EXERCISE MATERIAL
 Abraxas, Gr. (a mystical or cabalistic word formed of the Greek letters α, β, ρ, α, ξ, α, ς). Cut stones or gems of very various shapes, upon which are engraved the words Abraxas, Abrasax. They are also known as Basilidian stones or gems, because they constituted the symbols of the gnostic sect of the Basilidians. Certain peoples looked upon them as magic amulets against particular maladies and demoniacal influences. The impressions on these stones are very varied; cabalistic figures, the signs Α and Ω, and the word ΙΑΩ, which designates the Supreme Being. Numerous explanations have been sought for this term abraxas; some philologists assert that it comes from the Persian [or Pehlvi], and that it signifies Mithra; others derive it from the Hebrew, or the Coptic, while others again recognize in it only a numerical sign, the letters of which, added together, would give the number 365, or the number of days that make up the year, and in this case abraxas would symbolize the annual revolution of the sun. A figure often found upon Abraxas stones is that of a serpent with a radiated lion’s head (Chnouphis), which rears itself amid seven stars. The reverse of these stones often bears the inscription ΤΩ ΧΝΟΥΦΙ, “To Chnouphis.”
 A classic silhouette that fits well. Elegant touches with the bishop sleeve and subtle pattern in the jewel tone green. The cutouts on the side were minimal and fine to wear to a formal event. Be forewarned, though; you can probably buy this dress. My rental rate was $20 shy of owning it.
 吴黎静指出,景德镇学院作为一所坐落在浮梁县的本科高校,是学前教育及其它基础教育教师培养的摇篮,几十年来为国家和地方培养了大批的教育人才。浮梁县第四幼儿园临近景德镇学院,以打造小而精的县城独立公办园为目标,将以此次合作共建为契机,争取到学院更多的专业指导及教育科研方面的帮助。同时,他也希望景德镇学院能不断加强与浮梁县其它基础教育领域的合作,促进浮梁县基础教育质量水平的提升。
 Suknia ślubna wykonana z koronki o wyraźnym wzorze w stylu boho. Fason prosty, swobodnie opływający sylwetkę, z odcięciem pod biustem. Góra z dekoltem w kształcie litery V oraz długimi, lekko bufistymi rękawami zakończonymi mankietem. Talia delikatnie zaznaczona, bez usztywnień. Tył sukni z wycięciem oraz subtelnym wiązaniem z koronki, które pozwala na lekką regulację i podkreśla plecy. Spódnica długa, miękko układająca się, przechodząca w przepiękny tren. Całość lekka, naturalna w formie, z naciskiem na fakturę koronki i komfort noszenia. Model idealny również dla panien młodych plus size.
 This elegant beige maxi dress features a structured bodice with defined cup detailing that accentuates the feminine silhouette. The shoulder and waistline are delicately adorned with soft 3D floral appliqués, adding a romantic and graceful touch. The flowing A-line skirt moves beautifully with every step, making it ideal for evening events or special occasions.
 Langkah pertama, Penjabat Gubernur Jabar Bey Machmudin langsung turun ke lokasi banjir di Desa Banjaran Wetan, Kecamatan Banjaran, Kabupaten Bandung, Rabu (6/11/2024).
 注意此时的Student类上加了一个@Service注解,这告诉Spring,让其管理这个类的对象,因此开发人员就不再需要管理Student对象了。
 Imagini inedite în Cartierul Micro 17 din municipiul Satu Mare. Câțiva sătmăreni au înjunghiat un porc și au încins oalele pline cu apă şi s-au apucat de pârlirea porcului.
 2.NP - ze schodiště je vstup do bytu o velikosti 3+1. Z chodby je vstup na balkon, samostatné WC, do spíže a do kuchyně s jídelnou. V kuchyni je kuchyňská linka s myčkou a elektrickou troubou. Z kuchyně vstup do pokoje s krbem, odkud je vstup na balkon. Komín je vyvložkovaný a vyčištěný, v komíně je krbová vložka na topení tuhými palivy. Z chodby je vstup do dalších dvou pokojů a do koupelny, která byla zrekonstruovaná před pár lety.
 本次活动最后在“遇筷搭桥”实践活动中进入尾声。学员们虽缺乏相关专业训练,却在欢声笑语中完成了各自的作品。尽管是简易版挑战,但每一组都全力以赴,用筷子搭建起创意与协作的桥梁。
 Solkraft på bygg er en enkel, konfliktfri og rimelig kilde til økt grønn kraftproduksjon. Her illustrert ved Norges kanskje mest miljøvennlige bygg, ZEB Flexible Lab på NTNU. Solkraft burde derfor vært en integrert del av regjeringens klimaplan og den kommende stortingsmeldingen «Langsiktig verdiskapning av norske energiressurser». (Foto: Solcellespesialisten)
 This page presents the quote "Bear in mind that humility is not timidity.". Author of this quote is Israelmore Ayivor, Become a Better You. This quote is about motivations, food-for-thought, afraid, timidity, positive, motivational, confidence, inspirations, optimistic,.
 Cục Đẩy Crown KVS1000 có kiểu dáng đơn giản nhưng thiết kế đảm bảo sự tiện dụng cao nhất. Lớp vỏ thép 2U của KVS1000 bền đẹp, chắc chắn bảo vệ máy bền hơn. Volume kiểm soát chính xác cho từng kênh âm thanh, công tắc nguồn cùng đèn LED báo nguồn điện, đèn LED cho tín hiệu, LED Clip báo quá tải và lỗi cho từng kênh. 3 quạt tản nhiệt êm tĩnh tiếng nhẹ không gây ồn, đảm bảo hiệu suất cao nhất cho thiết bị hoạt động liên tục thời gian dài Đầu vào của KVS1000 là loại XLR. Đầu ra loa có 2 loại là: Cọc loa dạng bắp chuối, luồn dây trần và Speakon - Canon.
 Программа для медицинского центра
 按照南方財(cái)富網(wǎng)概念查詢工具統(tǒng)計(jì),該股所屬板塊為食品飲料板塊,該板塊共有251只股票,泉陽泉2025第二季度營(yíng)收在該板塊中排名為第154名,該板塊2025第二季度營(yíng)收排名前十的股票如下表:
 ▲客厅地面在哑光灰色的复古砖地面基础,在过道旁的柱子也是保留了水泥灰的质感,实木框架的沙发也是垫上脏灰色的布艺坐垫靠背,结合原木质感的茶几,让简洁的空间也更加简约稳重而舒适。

WHAT THIS TASK INVOLVES
With "dress" as the string to match, show every line of the entries above that has it.

RESULT FOR THIS EXERCISE
 A classic silhouette that fits well. Elegant touches with the bishop sleeve and subtle pattern in the jewel tone green. The cutouts on the side were minimal and fine to wear to a formal event. Be forewarned, though; you can probably buy this dress. My rental rate was $20 shy of owning it.
 This elegant beige maxi dress features a structured bodice with defined cup detailing that accentuates the feminine silhouette. The shoulder and waistline are delicately adorned with soft 3D floral appliqués, adding a romantic and graceful touch. The flowing A-line skirt moves beautifully with every step, making it ideal for evening events or special occasions.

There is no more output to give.